Monday, March 17, 2014
Sex scenes in Proust
Proust, to my knowledge, was never censored or banned because of his sex scenes, unlike his contemporaries among the Modernists, notably Joyce and Lawrence, and why is that? First, sex in Proust is masked by a lot of circumlocution and is far less explicitly erotic than in Lawrence and less frank and open (even ribald) than in Joyce - I'm thinking of the scene in which Albertine (in The Guermantes Way) visits Marcel when she returns, newly divorced I think, to Paris and Marcel is confined, as so often, to his bed; he asks her to lie down next to him - they begin to kiss - they're interrupted first by a comic appearance of Francoise and then by one of Proust's literary flights about the act of kissing - and we almost miss that Marcel had an orgasm - the ejaculation seems to have been literally under the covers.

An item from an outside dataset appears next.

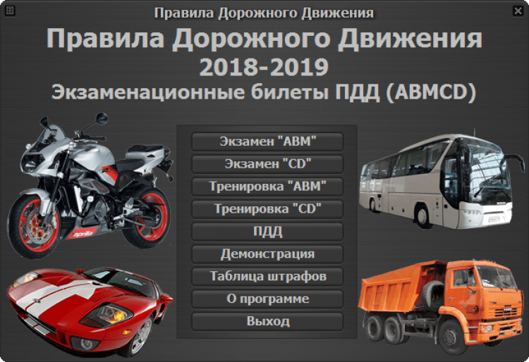 Экзаменационные билеты ПДД 2018 (ABMCD) - это программа с официальными билетами ПДД 2018 для быстрого обучения и сдачи теоретического экзамена ГИБДД на права категорий «ABM» и «CD», также подкатегорий «A1», «B1», «C1» и «D1».
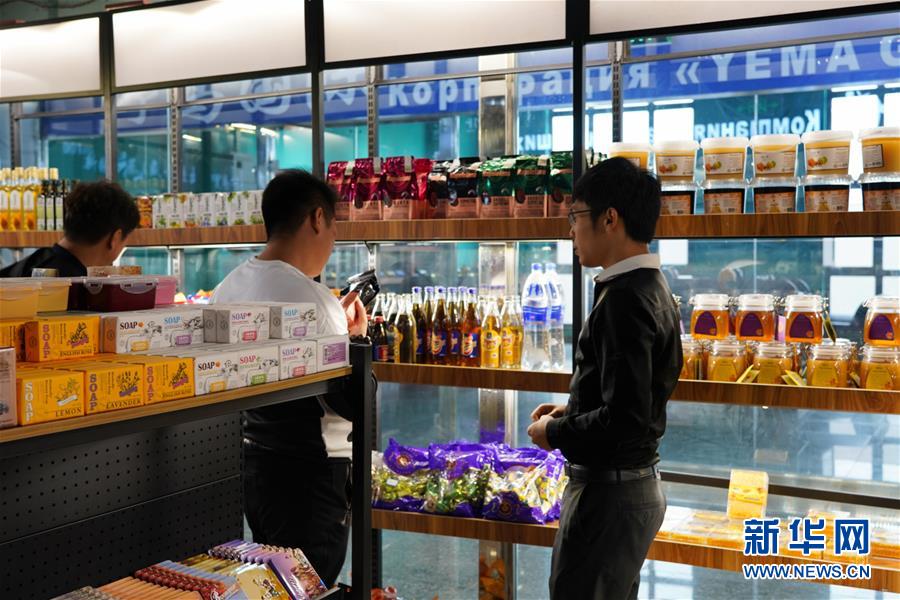 這是9月4日在新疆塔城地區(qū)巴克圖口岸的絲路文化商品城內(nèi)拍攝的進口產(chǎn)品。 新華社記者沙達提攝

Which brings us to a second reason: though there are several sexual scenes in In Search of Lost Time, including homoerotic and sado-masochistic scene, especially in the final volume, you have to be a careful and patient reader to ferret these out - in other words, I don't think anyone was marking the sex scenes in Proust and sneaking a peak, the work is too vast and too daunting. Also, I susupect the Moncrieff translation, unlike the Penguin Modern edition I'm reading (Tranarne translation of Guermantes) was somewhat diffident, even Bowdlerized - though I could be wrong on this. And perhaps we have different standards for the French - they actually have sex, unlike the English and Irish writers, of course. By today's standards, the sex scenes in Proust seem pretty well refracted - which may also be because he never wrote directly about Marcel's homosexuality - so his heterosexual relations seem a little abstract and overworked. But I think that if the censors had only had the intelligence to read Proust carefully, they probably would have pounced.